§ RECORDS PROVIDED:
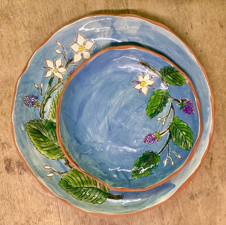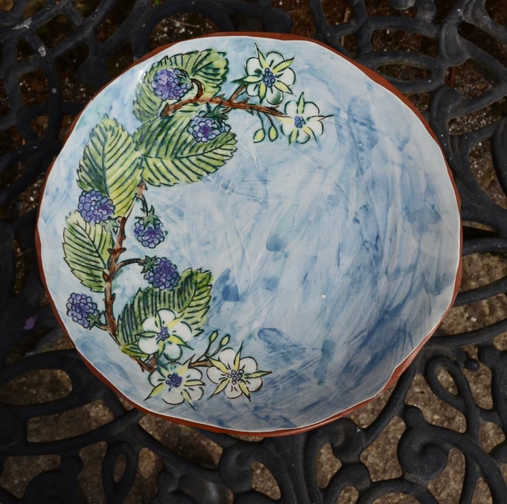 Curved sherds of earthenware to enliven your meal - this brambley dish, redolent of blackberries and summer skies, is sure to sweeten your palate.
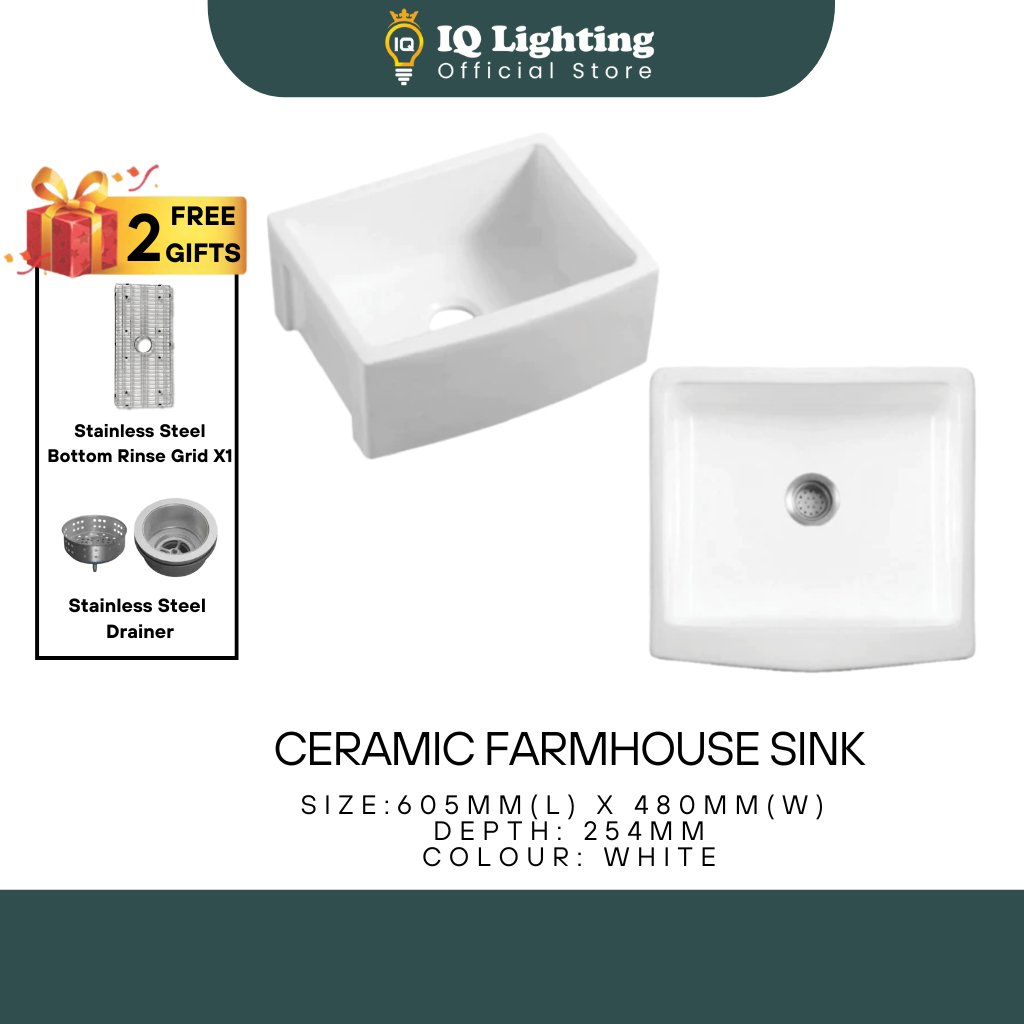 Ceramic Farmhouse Kitchen Sink 605mm Single Bowl Handmade Ceramic Sink Fireclay Reversible Farmhouse Apron-Front Kitchen
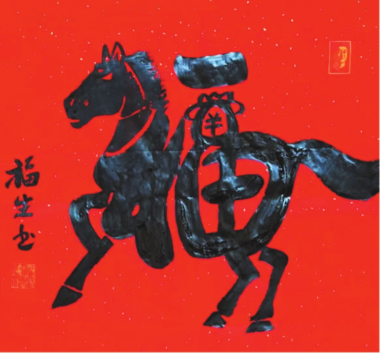 生肖文化,是中華民俗之根脈,王福生緊扣福字主題,應(yīng)時而作,應(yīng)物而書,將十二生肖意象與福字完美融合,創(chuàng)作出獨具氣象的“生肖?!毕盗?,合于《道德經(jīng)》“動善時”的智慧——順天時,合地利,應(yīng)人心,與時俱化。其馬年“馬上福”堪稱福字神品:以草書筆勢,將“?!迸c“馬”渾然合一,“礻”為駿馬昂首,鬃毛飛揚;“畐”為身軀矯健,奮蹄向前;“田”化為鞍飾,點睛傳神。整幅福作一氣呵成,筆走龍蛇,靈動奔放,卻又穩(wěn)而不飄,勁而不躁,正是老子“知其雄,守其雌”的筆墨體現(xiàn)。
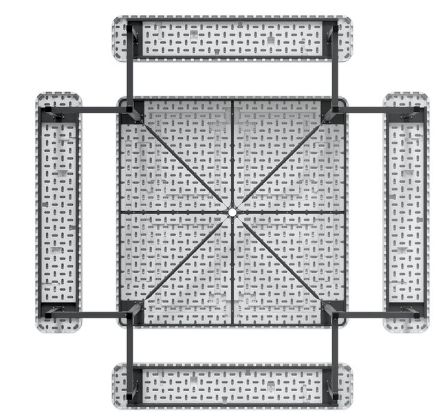 Material: Frame Material: Steel                        Seat Material: Polyethylene          Tabletop Material:Polyethylene
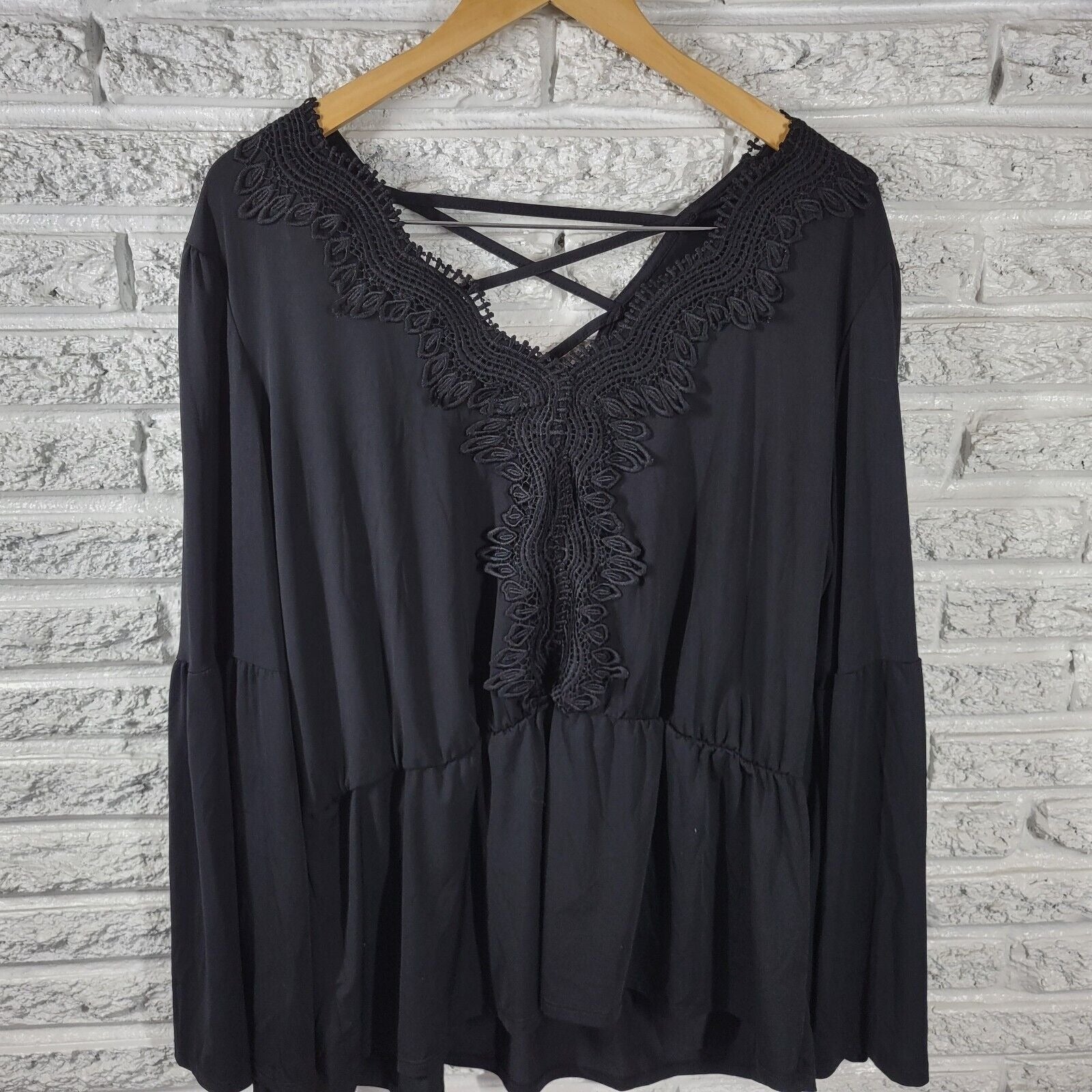 Maurices Womens Top XXL Tunic Bell Sleeve Black Elastic Waist Lattice Back Lace
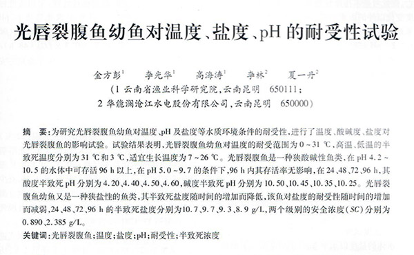 光唇裂腹鱼幼鱼对温度、盐度、pH的耐受性试验
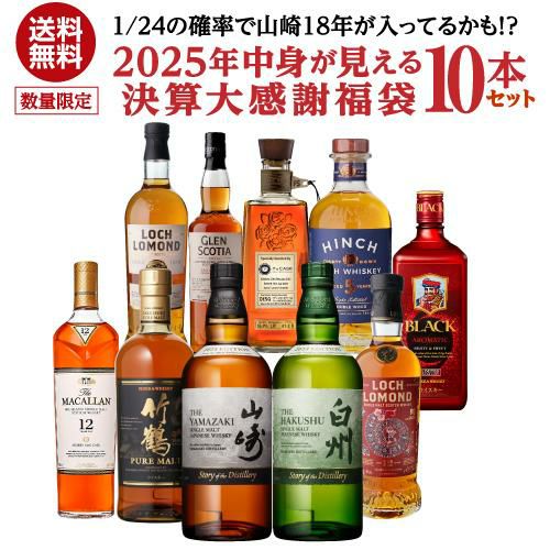 他の画像を見る 1/10が山崎18年、響21年など特賞以上!ウイスキー福袋 1本組 限定500セット 長S ※必ずあたるキャンペーン対象外 ¥ 7,700 税込 お気に入りに登録する 在庫切れ 販売期間 2025/10/10 20:00 〜

§ TASK BRIEF: Reproduce the listing verbatim, and keep the pictures out of the copy.

§ EXERCISE ANSWER:
 Curved sherds of earthenware to enliven your meal - this brambley dish, redolent of blackberries and summer skies, is sure to sweeten your palate.
 Ceramic Farmhouse Kitchen Sink 605mm Single Bowl Handmade Ceramic Sink Fireclay Reversible Farmhouse Apron-Front Kitchen
 生肖文化,是中華民俗之根脈,王福生緊扣福字主題,應(yīng)時而作,應(yīng)物而書,將十二生肖意象與福字完美融合,創(chuàng)作出獨具氣象的“生肖?!毕盗?,合于《道德經(jīng)》“動善時”的智慧——順天時,合地利,應(yīng)人心,與時俱化。其馬年“馬上福”堪稱福字神品:以草書筆勢,將“?!迸c“馬”渾然合一,“礻”為駿馬昂首,鬃毛飛揚;“畐”為身軀矯健,奮蹄向前;“田”化為鞍飾,點睛傳神。整幅福作一氣呵成,筆走龍蛇,靈動奔放,卻又穩(wěn)而不飄,勁而不躁,正是老子“知其雄,守其雌”的筆墨體現(xiàn)。
 Material: Frame Material: Steel                        Seat Material: Polyethylene          Tabletop Material:Polyethylene
 Maurices Womens Top XXL Tunic Bell Sleeve Black Elastic Waist Lattice Back Lace
 光唇裂腹鱼幼鱼对温度、盐度、pH的耐受性试验
 他の画像を見る 1/10が山崎18年、響21年など特賞以上!ウイスキー福袋 1本組 限定500セット 長S ※必ずあたるキャンペーン対象外 ¥ 7,700 税込 お気に入りに登録する 在庫切れ 販売期間 2025/10/10 20:00 〜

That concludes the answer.